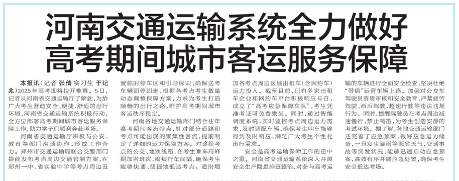 2025年高考即将拉开帷幕。5日,记者从河南省交通运输厅了解到,为给广大考生营造安全、便捷、舒适的出行环境,河南省交通运输系统积极行动,全方位部署高考期间城市客运服务保障工作,助力学子们顺利奔赴考场。(今日《郑州日报》5版)
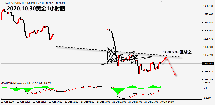 黄金 欧元区公布的三季度GD初值数据,尽管数据好于市场的预期,但是经济增持还是呈现负增长,数据对黄金的影响相对较校晚盘重点关注美国经济数据以及美股走势对于黄金的影响。 黄金白盘正如预期笔者预期,金价在1878位置承压后产生一波下跌只1866一线。只要参与这波空头行情这,至少有10美元的空
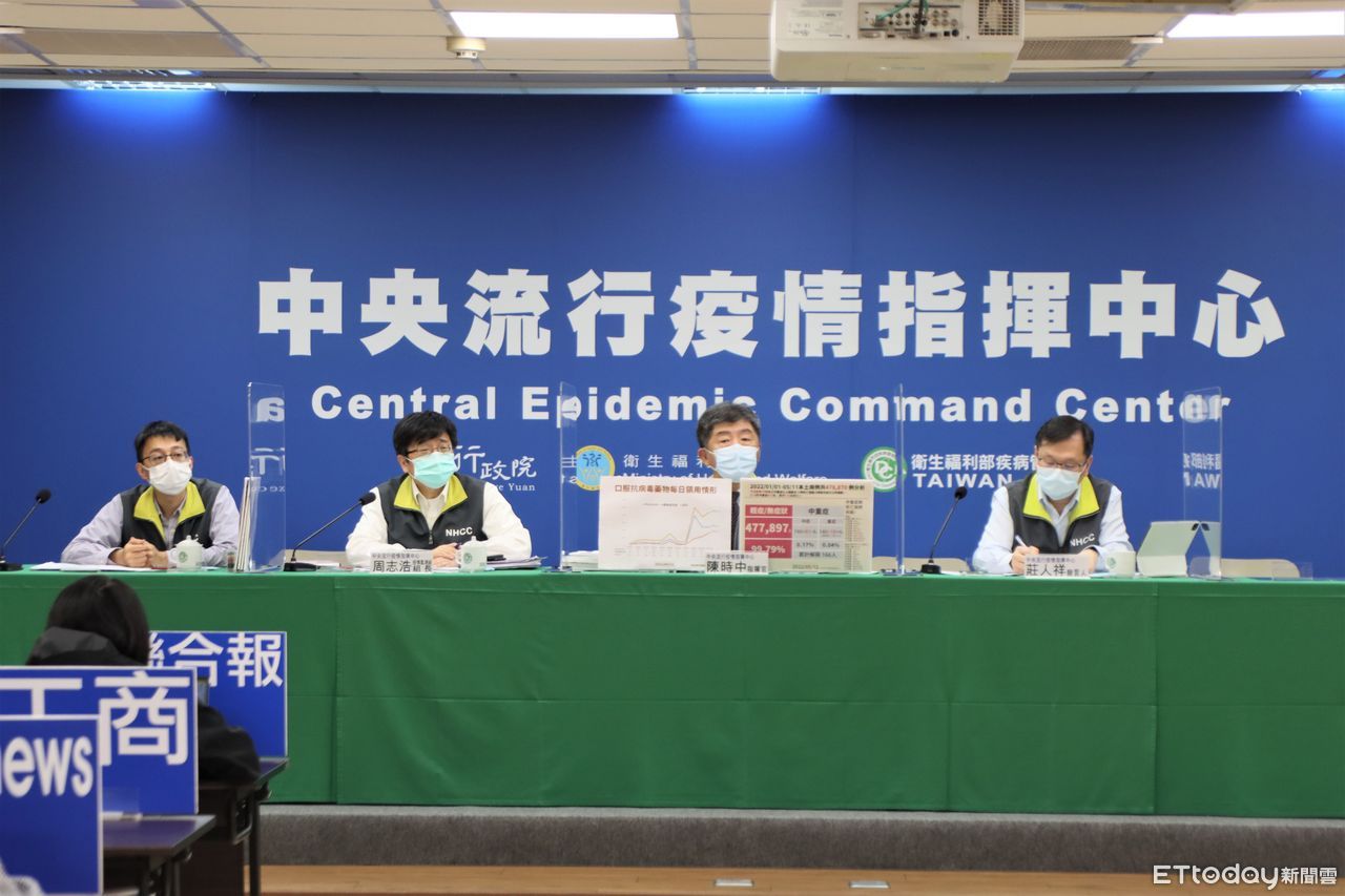 ▲指揮中心記者會,左起醫療應變組副組長羅一鈞、疫情監測組組長周志浩、指揮官陳時中、發言人莊人翔。(圖/指揮中心提供)
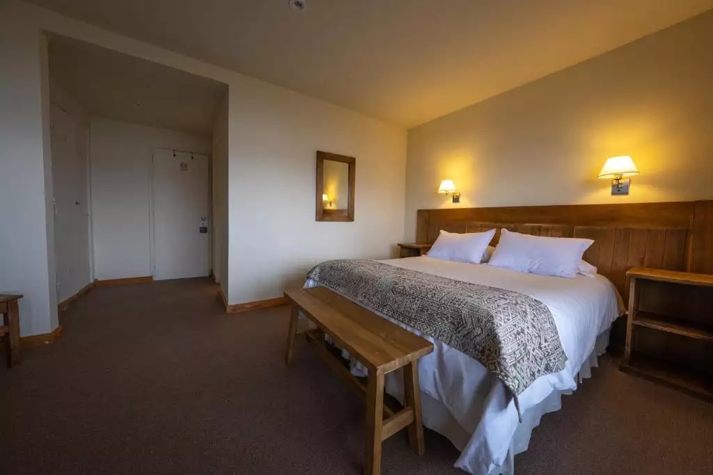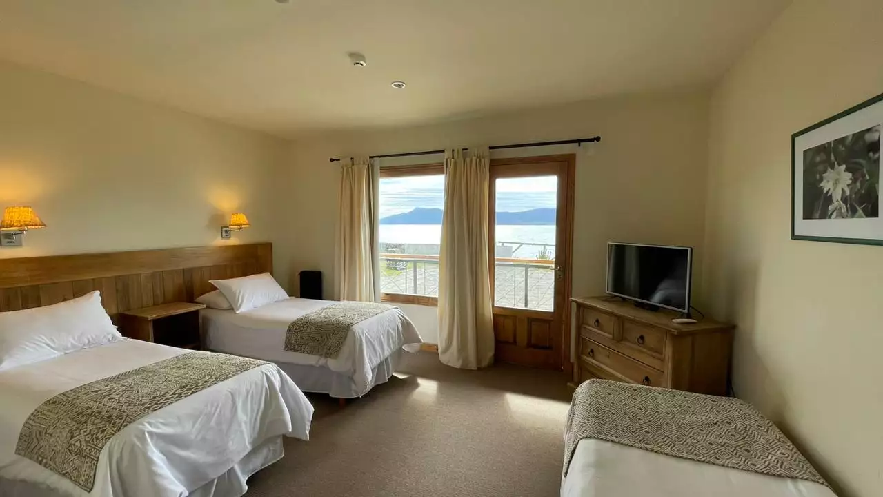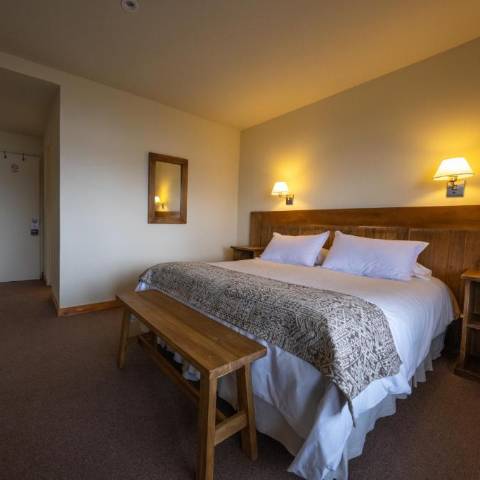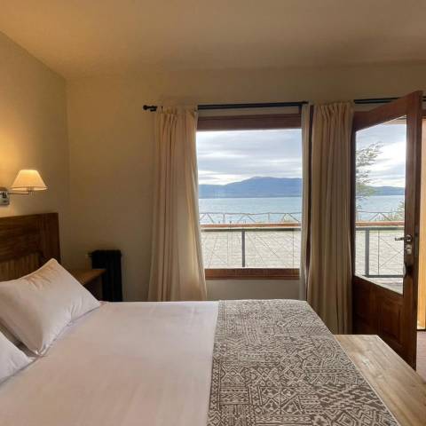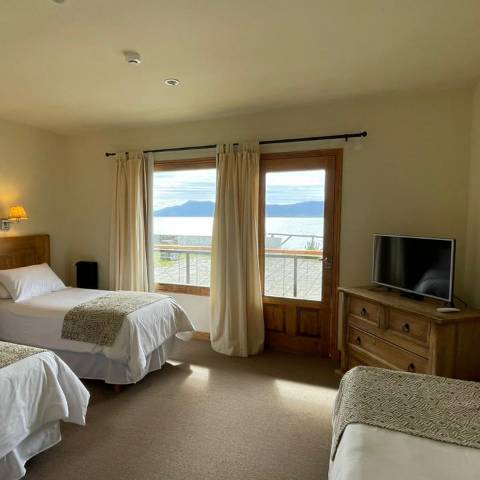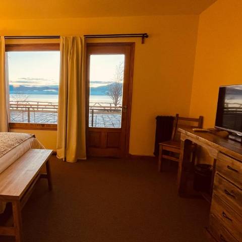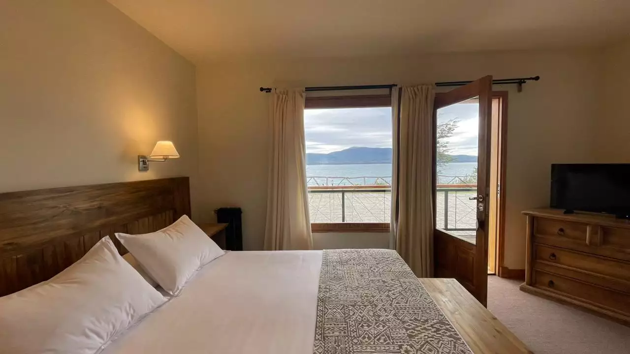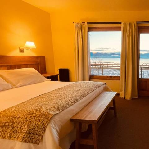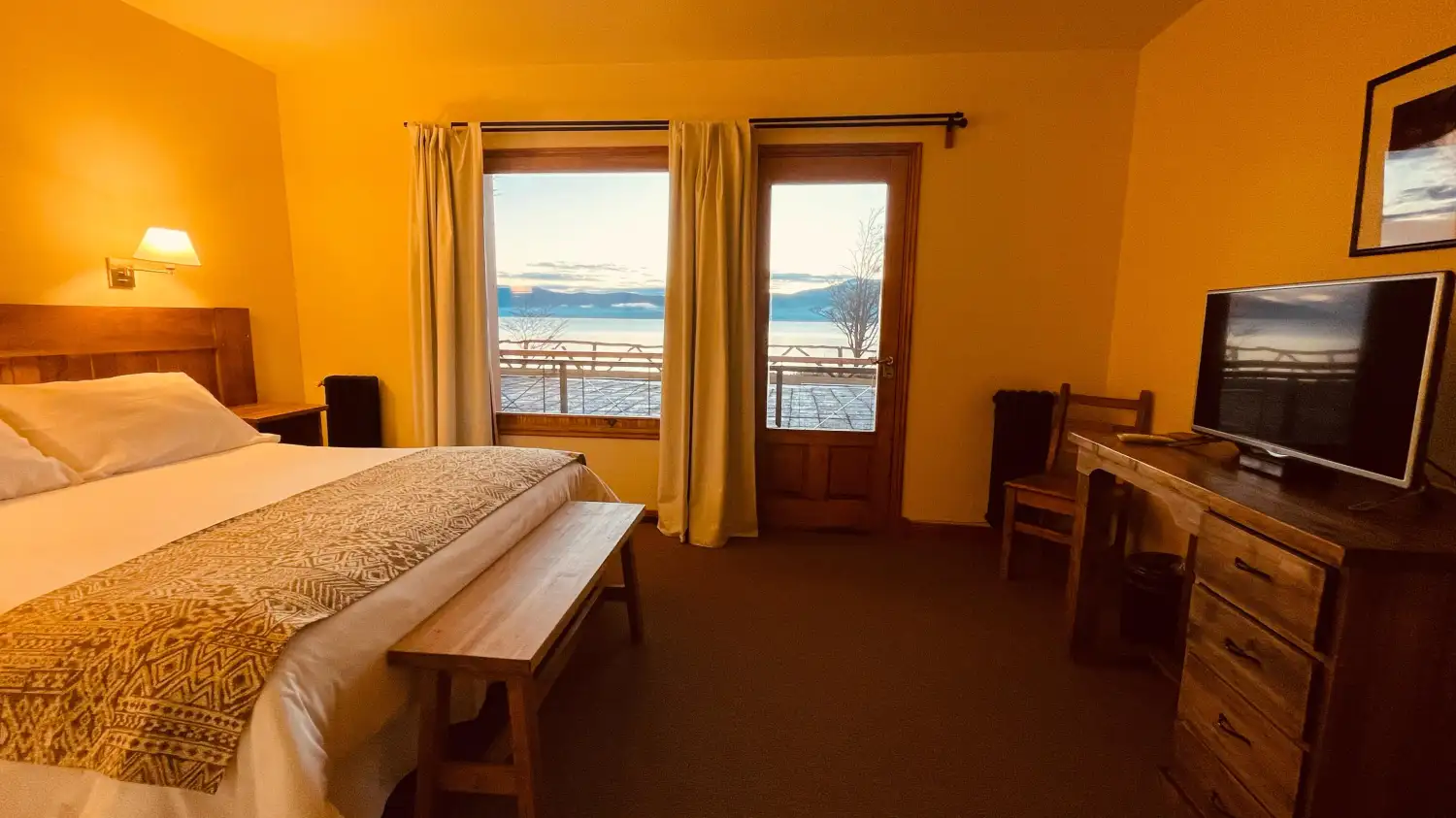 Habitaciones dobles ubicadas en la planta baja de Kaikén. Todas cuentan con baño privado con bañera con hidromasaje, deck con vista al lago y TV LED satelital.
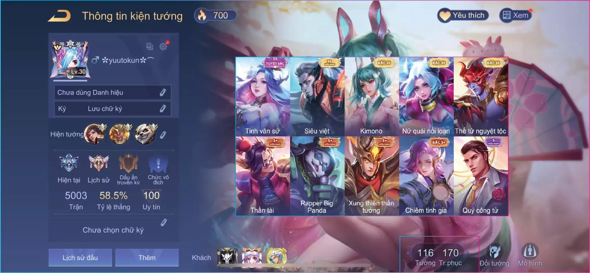 Acc #27026: Lauriel tuyệt sắc,Murad siêu việt,Capheny kimono…Trắng thông tin không liên kết, giá 450,000 đ
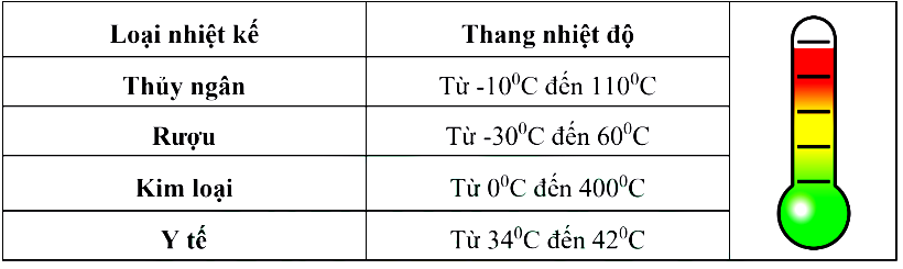 Bảng dưới đây ghi tên các loại nhiệt kế và nhiệt độ ghi trên thang đo của chúng?
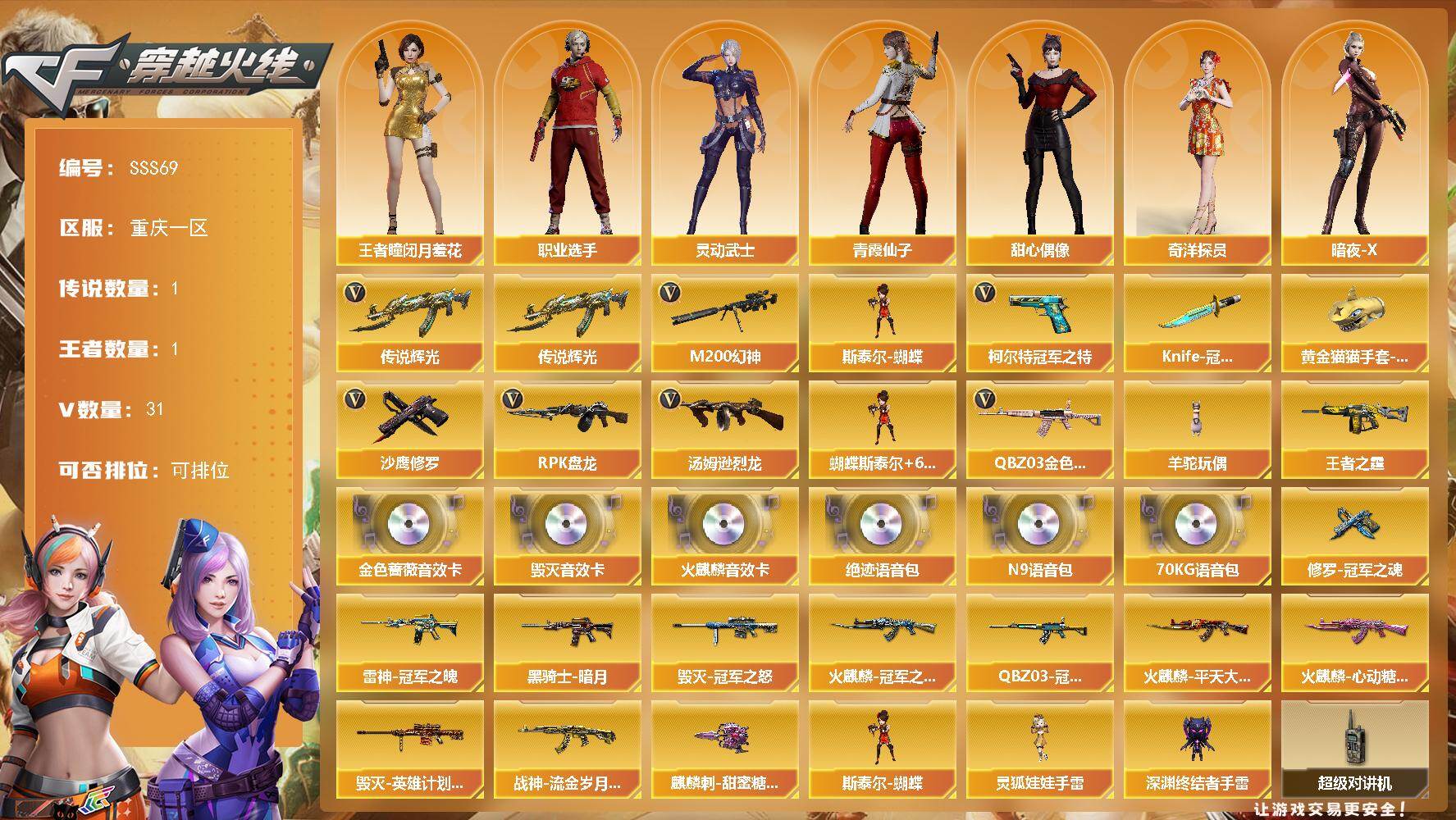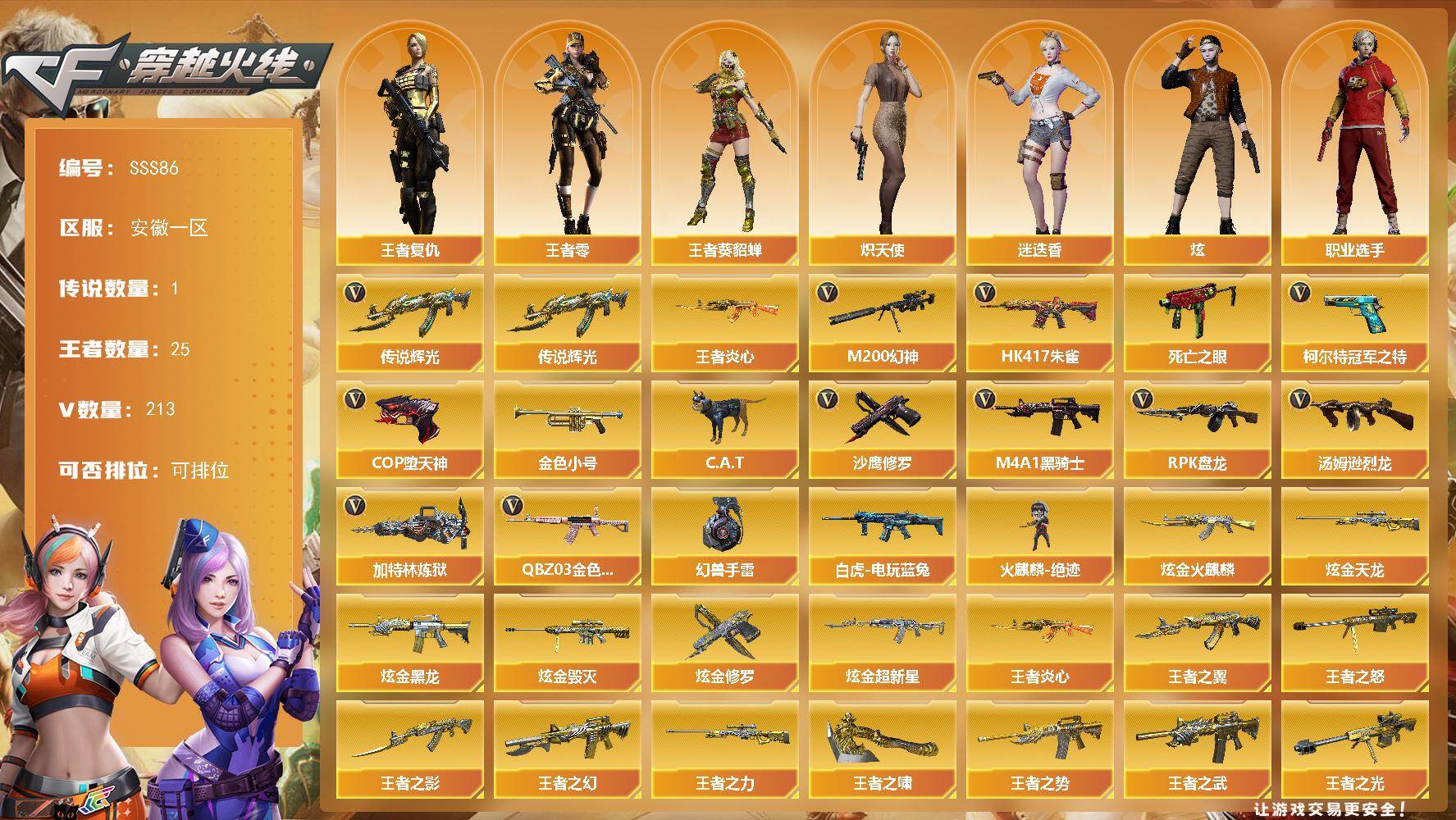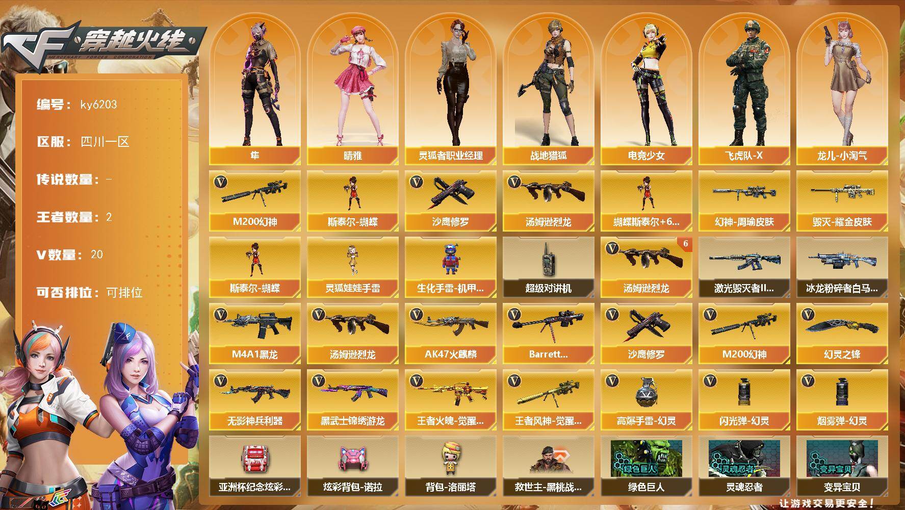 四川一区-23V-2王者武器数-0炫金武器数【热门武器】:M200-幻神,
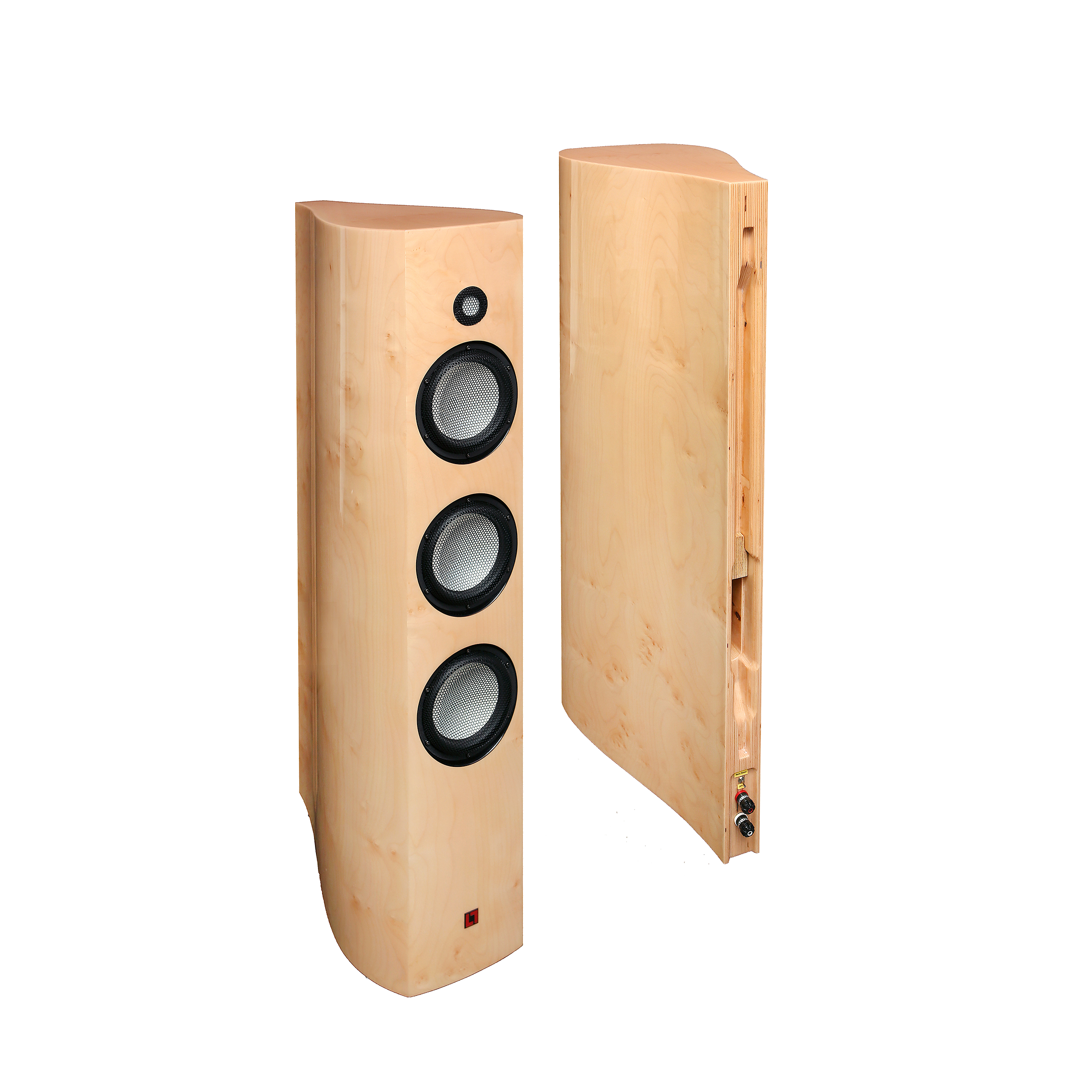 cabinet constructed from custom made, variable density, resonance balanced, multiple tonewoods based, instrument-grade plywood.

◆ ◆ ◆ ◆

## Task to complete
Reproduce the material exactly; omit the pictures.

## Answer section
 2025年高考即将拉开帷幕。5日,记者从河南省交通运输厅了解到,为给广大考生营造安全、便捷、舒适的出行环境,河南省交通运输系统积极行动,全方位部署高考期间城市客运服务保障工作,助力学子们顺利奔赴考场。(今日《郑州日报》5版)
 黄金 欧元区公布的三季度GD初值数据,尽管数据好于市场的预期,但是经济增持还是呈现负增长,数据对黄金的影响相对较校晚盘重点关注美国经济数据以及美股走势对于黄金的影响。 黄金白盘正如预期笔者预期,金价在1878位置承压后产生一波下跌只1866一线。只要参与这波空头行情这,至少有10美元的空
 ▲指揮中心記者會,左起醫療應變組副組長羅一鈞、疫情監測組組長周志浩、指揮官陳時中、發言人莊人翔。(圖/指揮中心提供)
 Habitaciones dobles ubicadas en la planta baja de Kaikén. Todas cuentan con baño privado con bañera con hidromasaje, deck con vista al lago y TV LED satelital.
 Acc #27026: Lauriel tuyệt sắc,Murad siêu việt,Capheny kimono…Trắng thông tin không liên kết, giá 450,000 đ
 Bảng dưới đây ghi tên các loại nhiệt kế và nhiệt độ ghi trên thang đo của chúng?
 四川一区-23V-2王者武器数-0炫金武器数【热门武器】:M200-幻神,
 cabinet constructed from custom made, variable density, resonance balanced, multiple tonewoods based, instrument-grade plywood.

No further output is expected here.